## About this exercise:
Using only the entries below, copy exactly the lines that begin at the one with "Koleżanki Barbara Majewska, Urszula" and end at the one with "Elevate your holiday", both included. Drop the pictures.

## Records:
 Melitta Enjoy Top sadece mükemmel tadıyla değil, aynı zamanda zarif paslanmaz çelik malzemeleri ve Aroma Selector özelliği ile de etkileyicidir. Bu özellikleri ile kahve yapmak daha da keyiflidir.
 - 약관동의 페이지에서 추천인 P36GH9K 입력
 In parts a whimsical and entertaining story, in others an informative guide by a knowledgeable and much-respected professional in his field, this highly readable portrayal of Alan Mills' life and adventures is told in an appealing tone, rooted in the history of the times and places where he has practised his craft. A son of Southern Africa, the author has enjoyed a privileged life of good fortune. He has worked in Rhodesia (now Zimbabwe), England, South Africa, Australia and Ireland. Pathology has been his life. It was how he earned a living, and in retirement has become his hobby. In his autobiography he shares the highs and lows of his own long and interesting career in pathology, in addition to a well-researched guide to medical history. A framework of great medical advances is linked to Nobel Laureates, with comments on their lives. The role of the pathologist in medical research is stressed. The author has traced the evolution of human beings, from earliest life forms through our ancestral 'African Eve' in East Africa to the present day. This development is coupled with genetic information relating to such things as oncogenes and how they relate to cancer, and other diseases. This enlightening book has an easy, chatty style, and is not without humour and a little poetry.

* * *

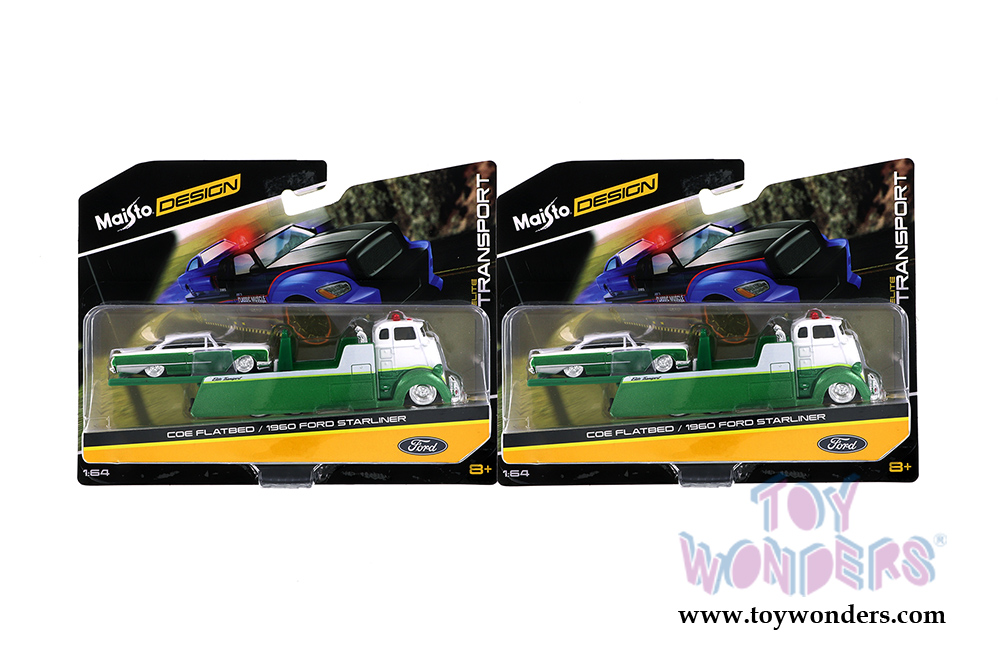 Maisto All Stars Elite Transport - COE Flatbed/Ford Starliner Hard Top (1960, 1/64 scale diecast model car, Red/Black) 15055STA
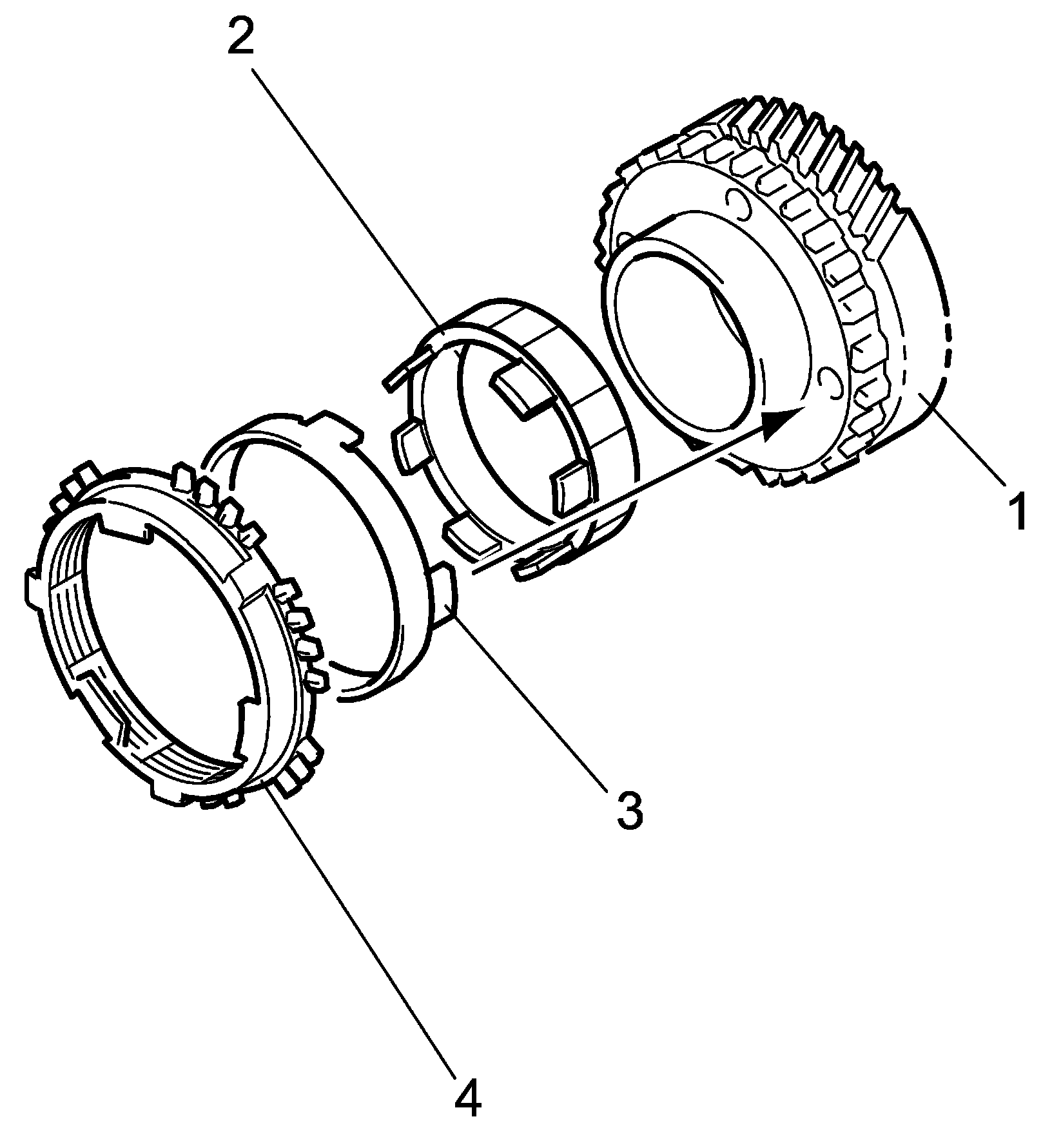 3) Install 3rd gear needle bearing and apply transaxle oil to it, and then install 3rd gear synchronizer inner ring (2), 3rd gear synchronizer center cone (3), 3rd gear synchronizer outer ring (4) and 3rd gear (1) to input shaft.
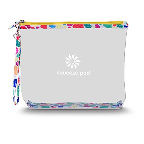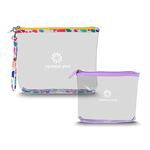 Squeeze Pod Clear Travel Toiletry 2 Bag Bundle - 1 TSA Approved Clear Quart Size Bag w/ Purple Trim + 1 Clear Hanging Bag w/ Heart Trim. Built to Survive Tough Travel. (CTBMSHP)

--

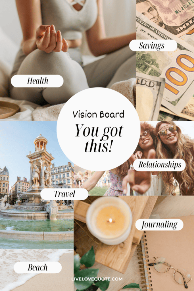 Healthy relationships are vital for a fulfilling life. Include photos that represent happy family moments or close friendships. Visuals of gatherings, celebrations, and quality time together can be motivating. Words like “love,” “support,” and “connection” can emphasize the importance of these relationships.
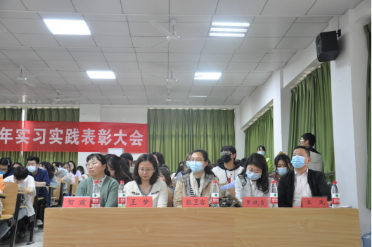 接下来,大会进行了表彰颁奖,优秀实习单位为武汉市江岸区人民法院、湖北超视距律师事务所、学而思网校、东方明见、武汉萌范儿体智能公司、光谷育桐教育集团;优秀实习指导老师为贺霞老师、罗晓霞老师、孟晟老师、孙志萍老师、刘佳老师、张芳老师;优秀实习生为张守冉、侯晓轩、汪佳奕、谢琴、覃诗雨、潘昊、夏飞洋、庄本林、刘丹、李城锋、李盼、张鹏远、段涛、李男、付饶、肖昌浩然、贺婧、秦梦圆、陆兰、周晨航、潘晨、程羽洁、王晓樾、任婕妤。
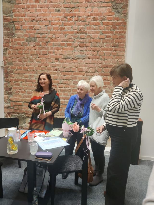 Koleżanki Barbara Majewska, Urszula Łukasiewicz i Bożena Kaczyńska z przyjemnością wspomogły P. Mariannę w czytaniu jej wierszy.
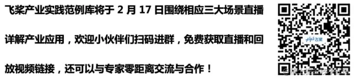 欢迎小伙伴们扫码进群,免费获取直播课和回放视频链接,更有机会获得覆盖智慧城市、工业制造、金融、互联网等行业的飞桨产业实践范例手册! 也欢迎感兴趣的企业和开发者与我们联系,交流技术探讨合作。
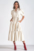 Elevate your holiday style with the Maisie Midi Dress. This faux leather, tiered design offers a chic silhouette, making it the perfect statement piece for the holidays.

## Exercise answer:
 Koleżanki Barbara Majewska, Urszula Łukasiewicz i Bożena Kaczyńska z przyjemnością wspomogły P. Mariannę w czytaniu jej wierszy.
 欢迎小伙伴们扫码进群,免费获取直播课和回放视频链接,更有机会获得覆盖智慧城市、工业制造、金融、互联网等行业的飞桨产业实践范例手册! 也欢迎感兴趣的企业和开发者与我们联系,交流技术探讨合作。
 Elevate your holiday style with the Maisie Midi Dress. This faux leather, tiered design offers a chic silhouette, making it the perfect statement piece for the holidays.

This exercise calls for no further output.